The CPU didn't like writing 0x0000000078da7800 to %cr3.

I'm guessing that CR4.PCIDE=0.

Now this is quite a strange value to write to CR3.  The 0x800 part
means that we're using the "user" variant of the address space that
would have ASID=0 and the 0x1000 bit being set corresponds to the user
pgdir, but this is nonsense, since the kernel never uses PCID 0 for
user mode.  We always start at 1.  The only exception is if
X86_FEATURE_PCID is off.  But, if X86_FEATURE_PCID is off, then we
shouldn't be setting any PCID bits.

In fact, it looks like this code is totally bogus and has never been
correct at all.  Even in:

commit 4b1d5ae3b103eda43f9d0f85c355bb6995b03a30
Author: Peter Zijlstra <peterz@xxxxxxxxxxxxx>
Date:   Mon Dec 4 15:07:59 2017 +0100

    x86/mm: Use/Fix PCID to optimize user/kernel switches

We have:

.macro SWITCH_TO_USER_CR3_NOSTACK scratch_reg:req scratch_reg2:req
        ALTERNATIVE "jmp .Lend_\@", "", X86_FEATURE_PTI
        mov     %cr3, \scratch_reg

        ALTERNATIVE "jmp .Lwrcr3_\@", "", X86_FEATURE_PCID

...

.Lwrcr3_\@:
        /* Flip the PGD and ASID to the user version */
        orq     $(PTI_SWITCH_MASK), \scratch_reg
        mov     \scratch_reg, %cr3
.Lend_\@:

That's bogus.  PTI_SWITCH_MASK is 0x1800, which has PCID = 0x800.

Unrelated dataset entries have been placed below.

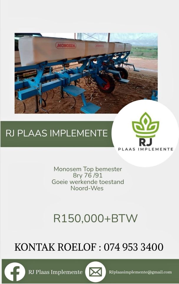 Monosem Top Bemester 8ry 76/91 Goeie werkende toestand Noord-wes R150 000 + BTW KONTAK ROELOF :
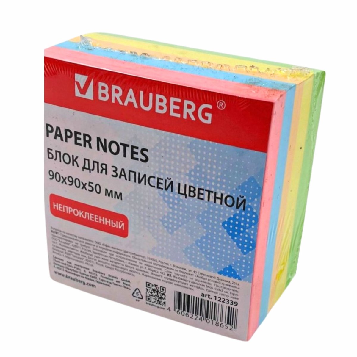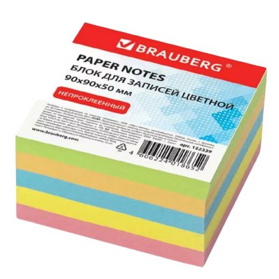 Блок для записей BRAUBERG непроклеенный, 9*9*5, цветной(122339)/*24
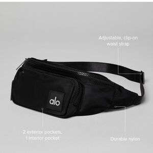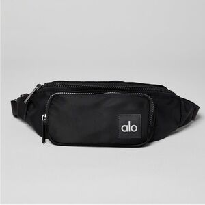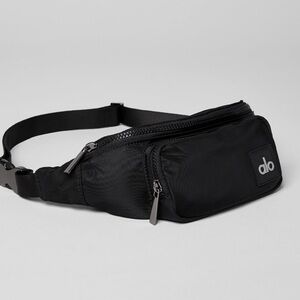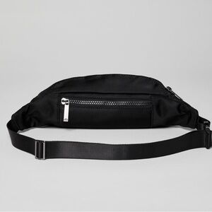 Sleek black crossbody bag. Features adjustable strap. Perfect for on-the-go style.
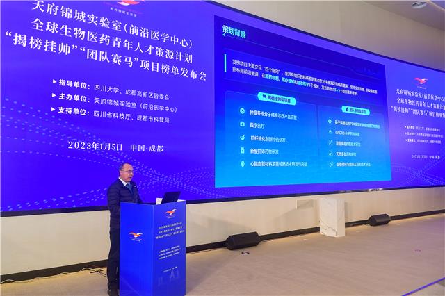 1月5日,天府锦城实验室全球生物医药青年人才策源计划“揭榜挂帅”“团队赛马”项目榜单发布会在成都高新区举行,天府锦城实验室(前沿医学中心)正式面向全球英才发布首批“揭榜挂帅”和“团队赛马”项目需求榜单。
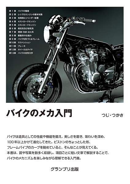 1999年5月刊行版をベースにカバーデザインを一新、ファンの要望に応え刊行。図や写真を数多く収録し、バイクの構造をわかりやすく解説、バイクのメカニズムを楽しみながら理解できる入門書で、初心者をはじめ、近年増加しているリターンライダーもメカニズムを復習するのに最適。つじ・つかさ著。A5判、並製、213ページ。2,640円。
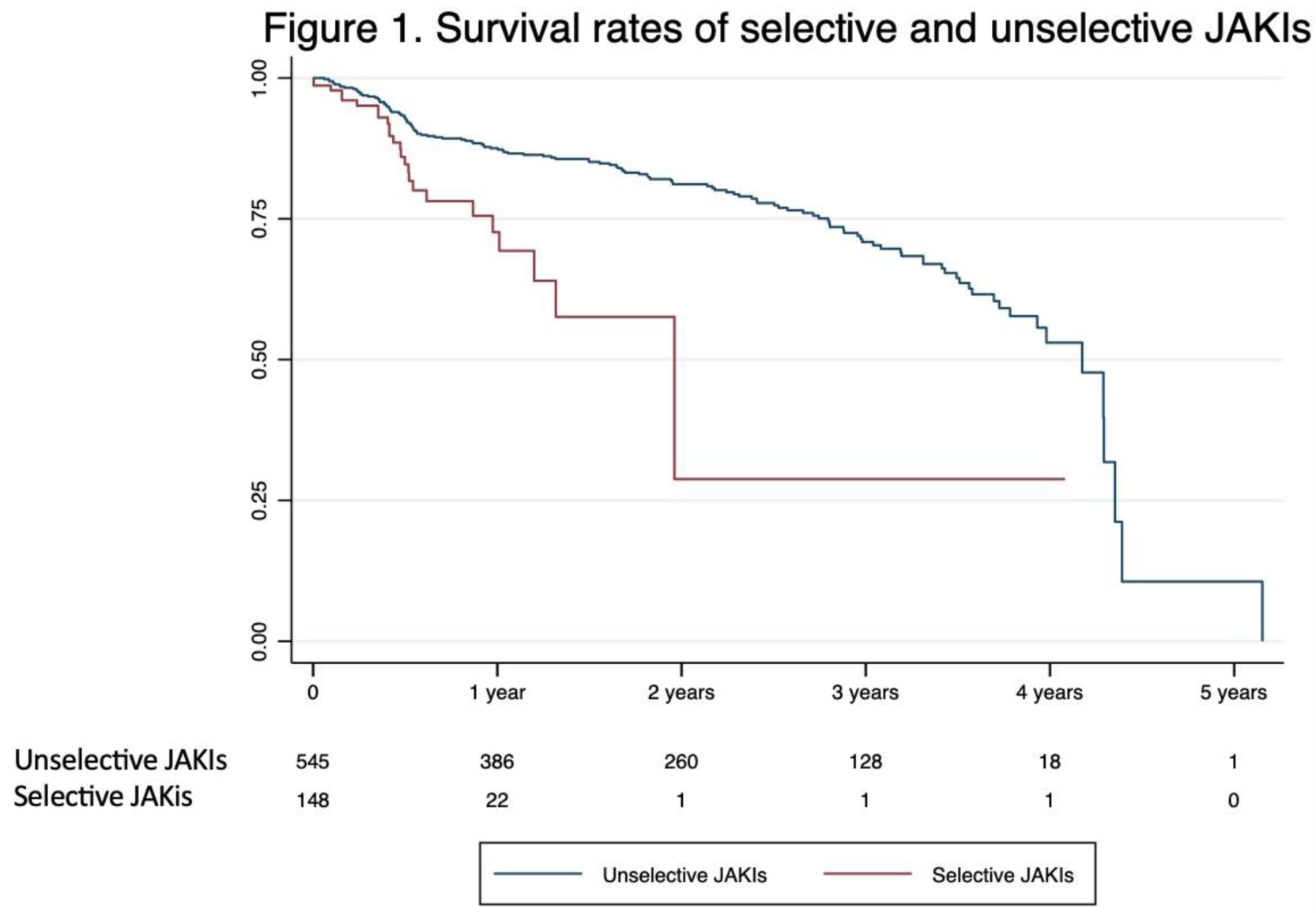 Objectives: To assess differences between selective and unselective JAKIs in terms of discontinuation’s rate.
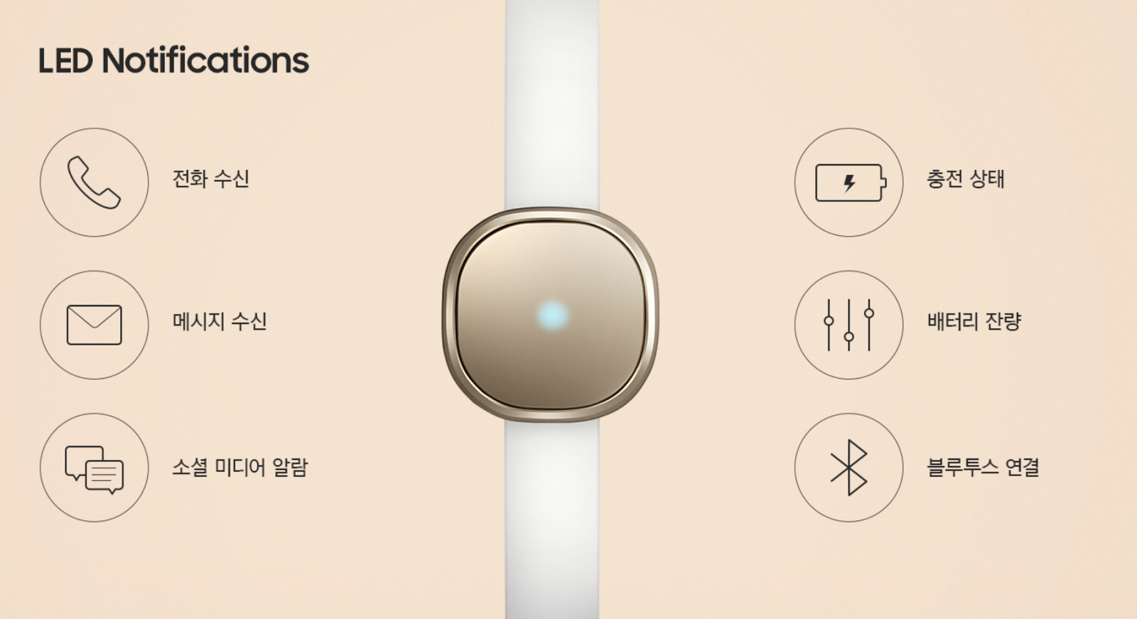 물론 착용해서는 안되는 것은 아니겠지만 전체적인 콘셉트가 ‘여성’들을 위한 제품이라는 점에서 남성들로서는 아쉬운 느낌이 들 것도 같았다. 또한 LED 알림 기능은 있지만, 진동 기능이 없어서 알림을 놓칠 가능성이 높기도 하다.
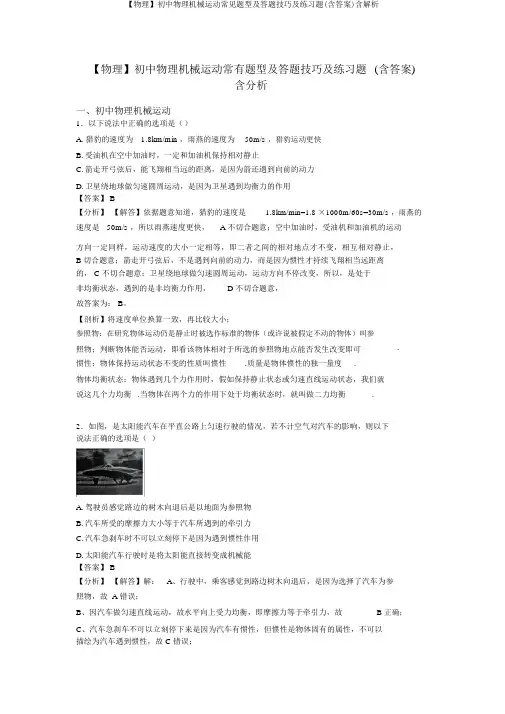 【物理】初中物理机械运动常有题型及答题技巧及练习题(含答案)含分析一、初中物理机械运动1.以下说法中正确的选项是()A. 猎豹的速度为 1.8km/min ,雨燕的速度为50m/s ,猎豹运动更快B.受油机在空中加油时,一定和加油机保持相对静止C.箭走开弓弦后,能飞翔相当远的距离,是因为箭还遇到向前的动力D.卫星绕地球做匀速圆周运动,是因为卫星遇到均衡力的作用【答案】 B【分析】【解答】依据题意知道,猎豹的速度是 1.8km/min=1.8 ×1000m/60s=30m/s ,雨燕的速度是50m/s ,所以雨燕速度更快, A 不切合题意;空中加油时,受油机和加油机的运动方向一定同样,运动速度的大小一定相等,即二者之间的相对地点才不变,相互相对静止,B 切合题意;箭走开弓弦后,不是遇到向前的动力,而是因为惯性才持续飞翔相当远距离的, C 不切合题意;卫星绕地球做匀速圆周运动,运动方向不停改变,所以,是处于非均衡状态,遇到的是非均衡力作用, D 不切合题意,故答案为: B。

This should probably use an alternative to select between 0x1000 and
0x800 depending on X86_FEATURE_PCID or just use an entirely different
label for the !PCID case.

FWIW, this bit in SAVE_AND_SWITCH_TO_KERNEL_CR3

        testq   $(PTI_SWITCH_MASK), \scratch_reg
        jz      .Ldone_\@

is a bit silly, too.  It's *correct* (I think), but shouldn't that
just be bt $(PTI_SWITCH_PGTABLES_BIT), \scratch_reg, with the obvious
caveat that the headers don't actually define PTI_SWITCH_PGTABLES_BIT?

Was this code *ever* tested with nopcid?